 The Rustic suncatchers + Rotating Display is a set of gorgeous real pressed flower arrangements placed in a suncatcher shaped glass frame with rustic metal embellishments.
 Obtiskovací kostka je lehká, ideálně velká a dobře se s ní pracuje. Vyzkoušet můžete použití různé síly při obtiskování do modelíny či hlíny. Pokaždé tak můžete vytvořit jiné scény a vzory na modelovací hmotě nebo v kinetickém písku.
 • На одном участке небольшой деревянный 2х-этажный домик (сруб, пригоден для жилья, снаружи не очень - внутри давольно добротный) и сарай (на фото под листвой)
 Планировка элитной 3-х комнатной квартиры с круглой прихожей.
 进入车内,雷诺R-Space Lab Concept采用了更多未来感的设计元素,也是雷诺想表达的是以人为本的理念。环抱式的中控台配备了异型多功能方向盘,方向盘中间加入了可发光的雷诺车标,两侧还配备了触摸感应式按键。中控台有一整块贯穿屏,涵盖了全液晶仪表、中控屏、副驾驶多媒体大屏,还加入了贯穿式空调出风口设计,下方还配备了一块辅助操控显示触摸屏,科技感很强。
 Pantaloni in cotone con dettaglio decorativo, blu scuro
* * *
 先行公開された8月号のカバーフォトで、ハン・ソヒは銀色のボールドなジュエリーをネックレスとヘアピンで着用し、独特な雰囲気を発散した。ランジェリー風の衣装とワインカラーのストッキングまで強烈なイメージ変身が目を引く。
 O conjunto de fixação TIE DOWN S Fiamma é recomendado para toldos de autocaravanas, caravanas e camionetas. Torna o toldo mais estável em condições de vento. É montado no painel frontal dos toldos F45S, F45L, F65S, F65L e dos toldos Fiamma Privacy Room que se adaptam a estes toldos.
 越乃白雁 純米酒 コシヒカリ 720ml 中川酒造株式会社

-- Problem requirements --
Print only what lies in the material above starting at the line with "The Rustic suncatchers" and ending at the line with "Pantaloni in cotone", every line exactly as given.

-- Solution for this exercise --
 The Rustic suncatchers + Rotating Display is a set of gorgeous real pressed flower arrangements placed in a suncatcher shaped glass frame with rustic metal embellishments.
 Obtiskovací kostka je lehká, ideálně velká a dobře se s ní pracuje. Vyzkoušet můžete použití různé síly při obtiskování do modelíny či hlíny. Pokaždé tak můžete vytvořit jiné scény a vzory na modelovací hmotě nebo v kinetickém písku.
 • На одном участке небольшой деревянный 2х-этажный домик (сруб, пригоден для жилья, снаружи не очень - внутри давольно добротный) и сарай (на фото под листвой)
 Планировка элитной 3-х комнатной квартиры с круглой прихожей.
 进入车内,雷诺R-Space Lab Concept采用了更多未来感的设计元素,也是雷诺想表达的是以人为本的理念。环抱式的中控台配备了异型多功能方向盘,方向盘中间加入了可发光的雷诺车标,两侧还配备了触摸感应式按键。中控台有一整块贯穿屏,涵盖了全液晶仪表、中控屏、副驾驶多媒体大屏,还加入了贯穿式空调出风口设计,下方还配备了一块辅助操控显示触摸屏,科技感很强。
 Pantaloni in cotone con dettaglio decorativo, blu scuro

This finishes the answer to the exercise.